Looking at relationships and making predictions
Looking at relationships and making predictions is one of the main tasks of data analysis.
Using correlation and simple linear regression we can look at the relationship of two variables.
Using the following dataset we can demonstrate this process.
The dataset consists of two quantitative variables, the number of cricket chirps and the temperature. There are 10 observations.
Using R we will first create our two datasets:
- chirp_nums <- c( 18, 20, 21, 23, 27, 30, 34, 39)
- temp_f <- c( 57, 60, 64, 65, 68, 71, 74, 77)
As we learnt from Anscombe lets visualise our data, lets use a scatterplot:
- plot( temp_f, chirp_nums)
Visualising allows us to see the shape and dispersion of the data.
The scatterplot for our dataset is showing the data moving in an uphill pattern, from left to right, this suggests a positive correlation.
If the data is moving in a downhill pattern from left to right, this suggests a negative correlation.
If the data doesn’t seem to show any kind of pattern, then no relationship exists between the two variables.
We can use R to calculate the correlation between chirps and temperature:
- cor( temp_f, chirp_nums)
output: r = 0.9774791
This correlation value for the dataset also indicates that there is a strong positive correlation between these two variables.
Correlation is a statistical technique used to determine to what degree two variables are related.
The sign r is used to denote Pearson’s correlation coefficient, r denotes the strength of the association or relationship.
If the sign is +, the relationship is positive, so an increase in one variable is associated with an increase in the other variable and a decrease in one variable is associated with a decrease in the other variable.
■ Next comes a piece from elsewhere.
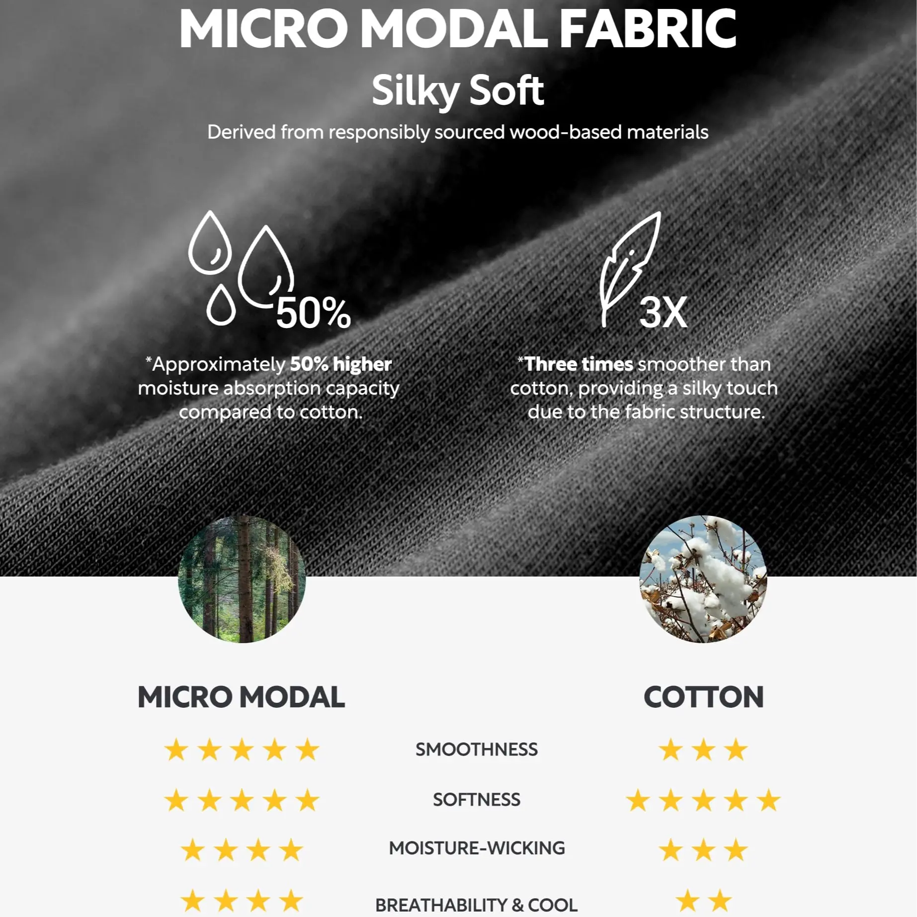 ·Super soft micro modal material feels cool on the skin and silky to the touch.

If the sign is -, the relationship is negative, so an increase in one variable is associated with a decrease in the other variable.
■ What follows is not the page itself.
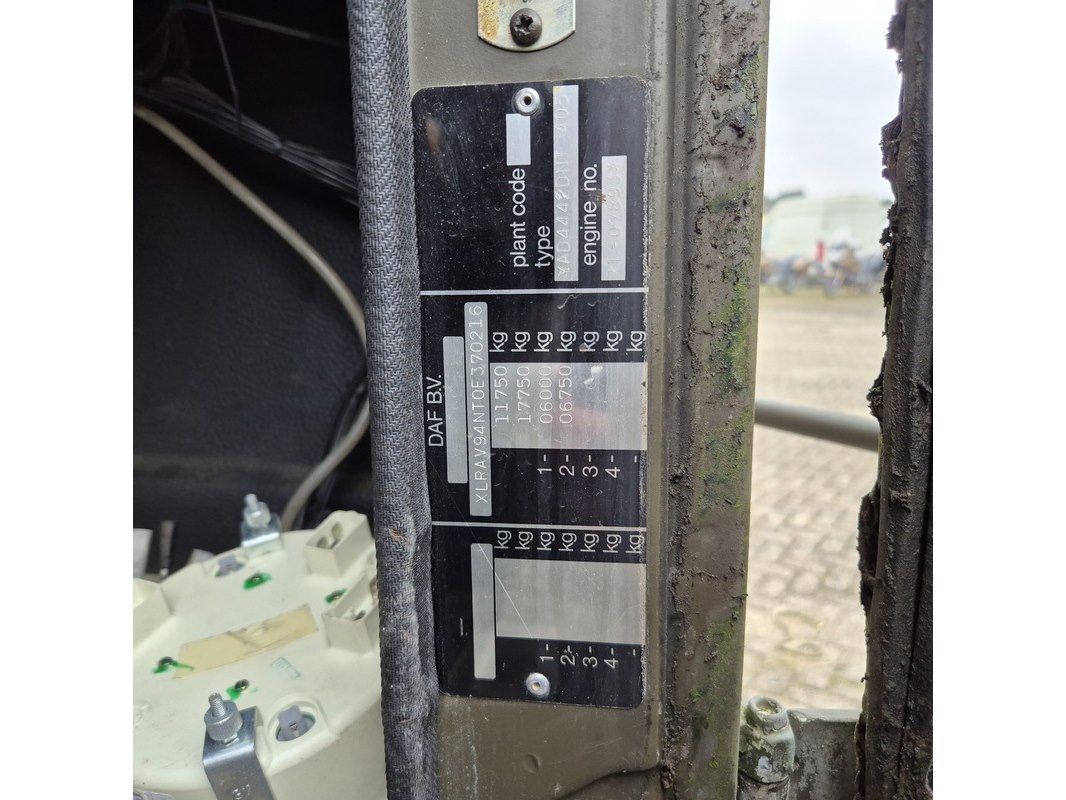 Merk: Daf Product: Vrachtwagen BouwJaar: 1991 Conditie: gebruikt Specificaties: Kenteken: Niet geregistreerd Eerste toelating nationaal: Niet geregistreerd APK vervaldatum: Onbekend Brandstof: Diesel Afgelezen tellerstand: Onbekend Transmissie: Handgeschakeld Aantal sleutels: 0 VIN nummer: XLRAV94NT0E370216 Start: Onbekend Waargenomen gebreken Diverse schades, gebreken en verwijdering van onderdelen. Werking onbekend Divers losliggend elektronica Voorruit stuk

It is important to note that positive correlation implies that there is a relationship between the two quantitative variables, however, it does not imply causation, ie: one variable does not cause the change in the other, so in this example the number of chirps does not cause the temperature to change.
Lets create a linear model, called fit, then lets view fit:
- fit <- lm( chirp_nums ~ temp_f)
The output gives us our coefficients, which are used to create our regression line.
Regression is the emphasis on predicting one variable from another variable, eg: if the temperature is 70 degrees, how many chirps will there be?
Lets visualise our regression line, first plot our graph, then add our line from fit:
- plot( temp_f, chirp_nums)
Look at the datapoints, how close they are to the line, another indication of a strong positive relationship.
Remember back to school, the equation of a line y = mx + c, where m is the slope and c is the y-intercept.
The slope represents the change in y that is associated with a unit change in x.
In our output above, our slope value is 1.055 and our y-intercept is -44.177, if we substitute our values into our equation we can now start predicting outcomes: y = 1.055(x) + -44.177.
Eg: If temperature is 70, how many chirps? y = 1.055(70) + -44.177 chirps = 29.673 rounded to 30.
If in doubt, look at the graph, when the temperature is 70 does chirps = 30?